Just over a year later, Boston is watching the Olympic bidding process from the sidelines after the USOC pulled the plug on its anemic bid. The Brattle Group, a Cambridge-based global consultancy firm commissioned by the Beacon Hill Big Three, performed an autopsy on Boston 2024’s Bid 2.0 and waved around the worst bits of offal in a scathing report released Tuesday.
Boston 2024 has spent its first month out to pasture doling out branded merchandise to its staff and unpaid interns and issuing a 1,000-word rebuttal to the Brattle Group’s report.
And another more exhaustive response is forthcoming.
What could be the bid organizers’ motivation for this? It’s not as if Gov. Charlie Baker and Mayor Marty Walsh would read Boston 2024’s next rebuttal and call a mulligan. Boston’s Olympic hopes for 2024 are stone-cold dead, and no Infinite Jest-sized rebuttal will change that.
So what’s left to save? Face, mainly. (A spokesperson for Boston 2024 did not respond to Boston magazine’s inquiries regarding who is composing the responses, if they are being paid to do so, or if there are any plans to deliver on those one or two “signature projects.”)
“We feel like it’s important to point out the inaccuracies—and amend as possible—because it’s bad public policy,” Chairman Steve Pagliuca told the Globe‘s Shirley Leung in her latest column, which she, for the umpteenth time, chides us small-minded Bostonians for being dissuaded from the Olympic mystique by such silly things as “numbers” and “costs” and “debt.”
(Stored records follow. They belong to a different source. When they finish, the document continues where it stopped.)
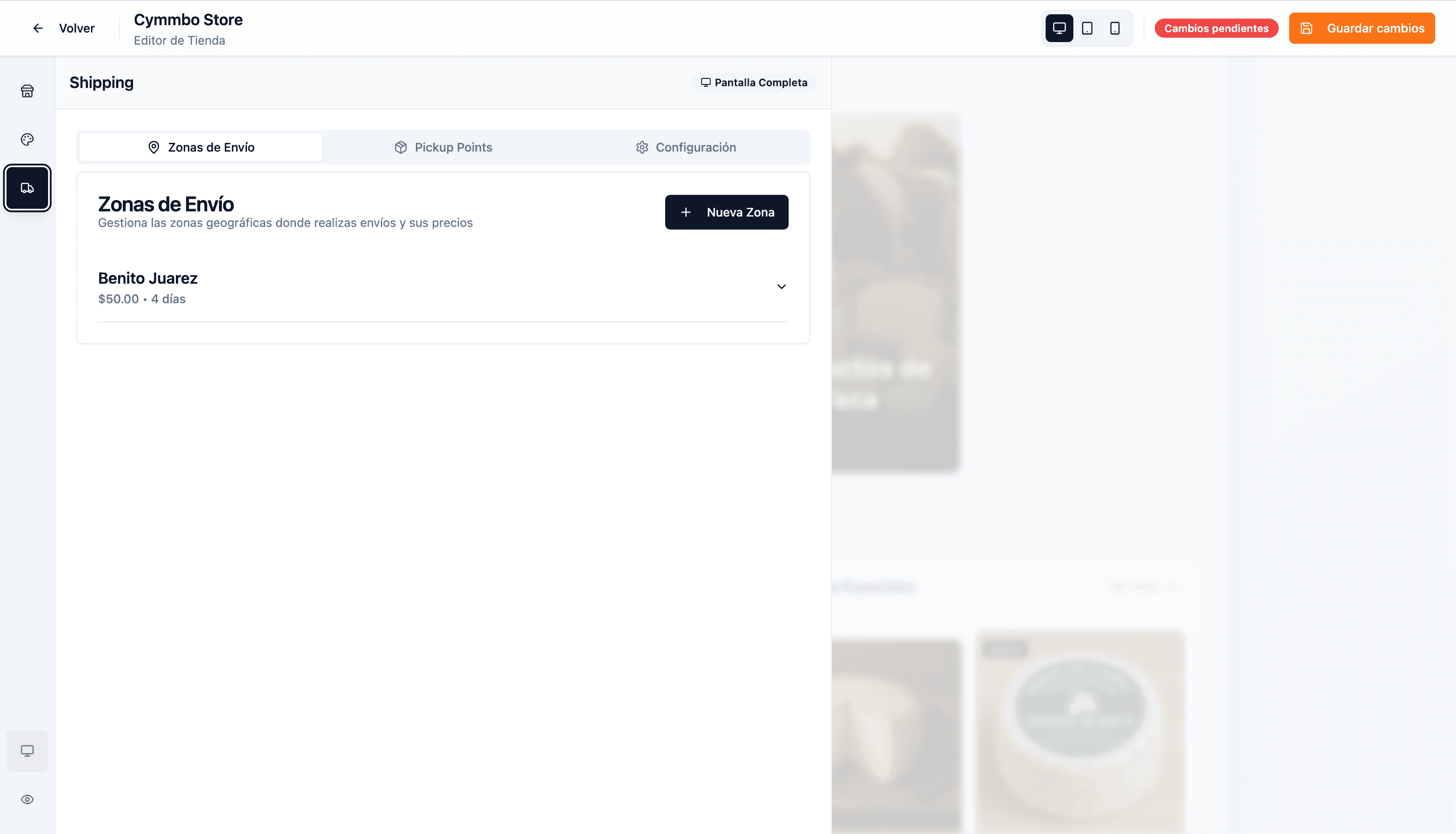 Define zonas, puntos de retiro y reglas de envío con facilidad.
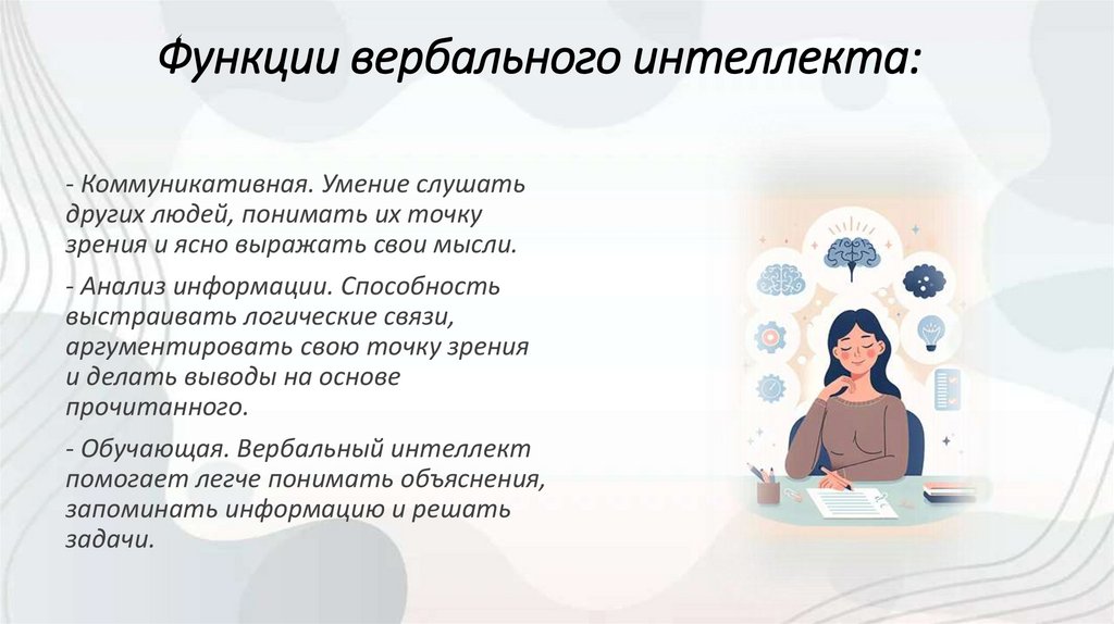 Функции вербального интеллекта:- Коммуникативная. Умение слушать
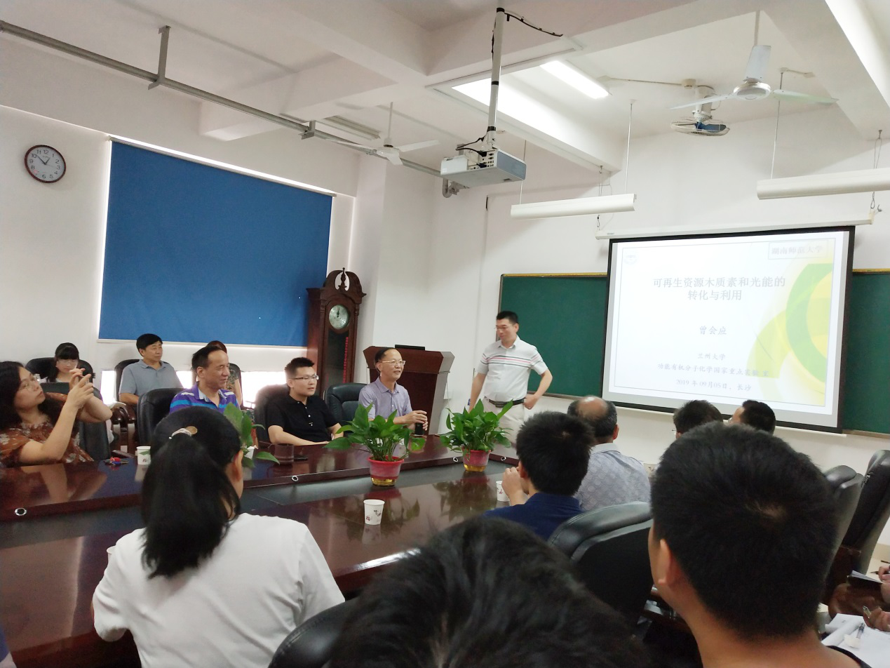 2019年9月5日上午10:00,兰州大学曾会应副教授在化工院206会议室为我院师生带来了一场题为“可再生资源木质素和光能的转化与利用”的学术报告,报告由尹笃林教授主持,英国365集团部分老师、研究生聆听了此次报告。
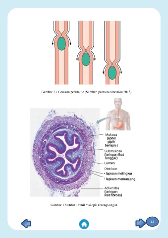 Gambar 3.7 Gerakan peristaltic (Sumber: pearson education,2018) Gambar 3.8 Strtuktur mikroskopis kerongkongan 44
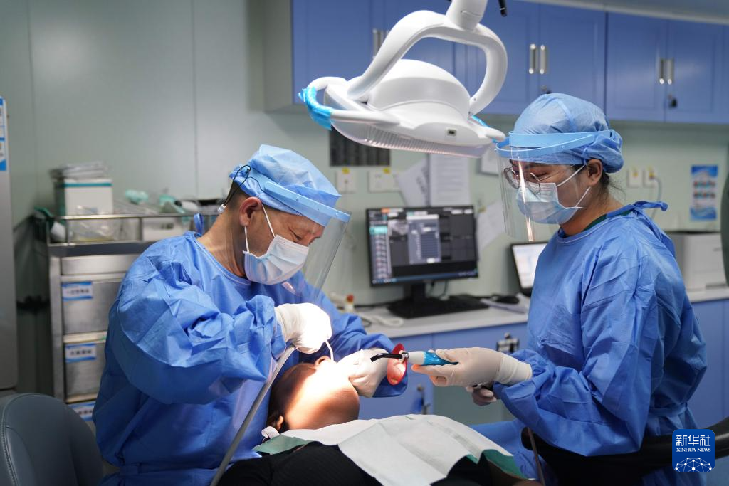 12月9日,中国海军“丝路方舟”号医院船在牙买加金斯顿提供医疗服务期间,牙科医护人员为患者洗牙。新华社发(何雨谦摄)
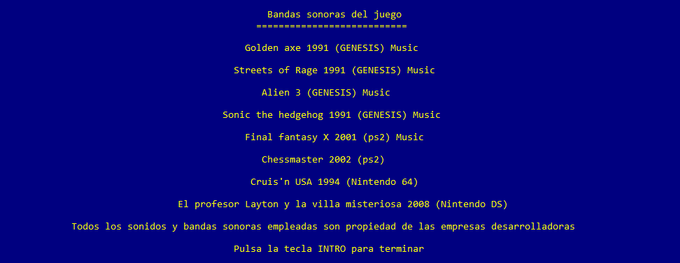 Finalmente se muestra una sección de agradecimientos y crédutos donde figura el nombre del juego, el tiempo de su desarrollo y el creador. Adicionalmente se muestran los diferentes juegos, así como la plataforma para la que salieron, a los que pertenecen los efectos de sonido y bandas sonoras que se han empleado en la implementación del juego. A continuación se muestran dos imágenes donde se puede observar lo explicado anteriormente.
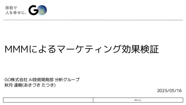 Carryover Effectと呼ばれる。 時間的に持続・持続し減衰していく状態を表現する 施策効果の飽和(Hill) 𝐻𝑖𝑙𝑙 𝑥𝑡,𝑚 ; 𝑘𝑚 , 𝑆𝑚 = 1 1+( Τ 𝑥𝑡,𝑚 𝑘𝑚)−𝑆𝑚 , 𝑥𝑡,𝑚 ≥ 0 施策効果の持続・減衰(Adstock) 𝑎𝑑𝑠𝑡𝑜𝑐𝑘 𝑥𝑡−𝐿+1,𝑚 , … , 𝑥𝑡,𝑚 ; 𝑤𝑚 , 𝐿 = σ𝑙=0 𝐿−1 𝑤𝑚(𝑙)𝑥𝑡−𝑙,𝑚 σ𝑙=0 𝐿−1 𝑤𝑚(𝑙) 投資金額 積み上げ 施策効果 経過時間 施策効果 𝑦𝑡 = 𝜏 + 𝑚 𝛽𝑚 ∗ 𝐻𝑖𝑙𝑙(𝑎𝑑𝑠𝑡𝑜𝑐𝑘(𝑥𝑡−𝐿+1,𝑚 , … , 𝑥𝑡,𝑚 ; 𝑤𝑚 , 𝐿) ; 𝐾𝑚 𝑆𝑚 ) + 𝑐=1 𝐶 𝛾𝑐 𝑧𝑡,𝑐 + 𝜖𝑡

“Imagine what would have happened if former transportation secretary Fred Salvucci focused on the price tag of the Big Dig rather than what depressing the Central Artery would do to make Boston a better place,” Leung writes. “Construction was painful—and expensive—but we got a whole new city: a third harbor tunnel, the Rose Kennedy Greenway, the Zakim bridge, and the Seaport District.”
Here’s the key difference between massive, public endeavors like the Big Dig and privately driven ventures like the Olympics. The former was, from its very inception, designed to improve the city’s infrastructure and the lives of those who live here. The latter is a bloated sporting event with transportation projects tossed in as sweetener, miscalculations of which would have increased costs up to $1.3 billion—a Brattle Group finding that bid organizers thought better of touching in their rebuttal.
Let’s be honest—if Pagliuca had gone through his professional career as an accountant with the cavalier “numbers aren’t everything” approach espoused in Leung’s piece, he wouldn’t have made it to Bain Capital. He wouldn’t have been able to run a lemonade stand.
Boston 2024 is hardly the victim of some Camus-style persecution, or even the kind foisted upon Tom Brady by the NFL. Unlike the dubiously independent investigation led by Ted Wells, we have no reason to believe the Brattle Group’s report is anything but independent. And by now, hasn’t Boston 2024 worn out its benefit of the doubt? How many times did bid organizers say one thing to the public and another to their masters at the USOC before taxpayers said, “You know, I think I’ll believe someone, anyone else.”
Boston 2024’s myopic obsession with control of the narrative suggests the entire multimillion-dollar undertaking was merely a vanity project. Otherwise, the money remaining in its cobweb-lined coffers would be unloaded into the communities it promised to reinvigorate—not spent on lipstick for a corpse.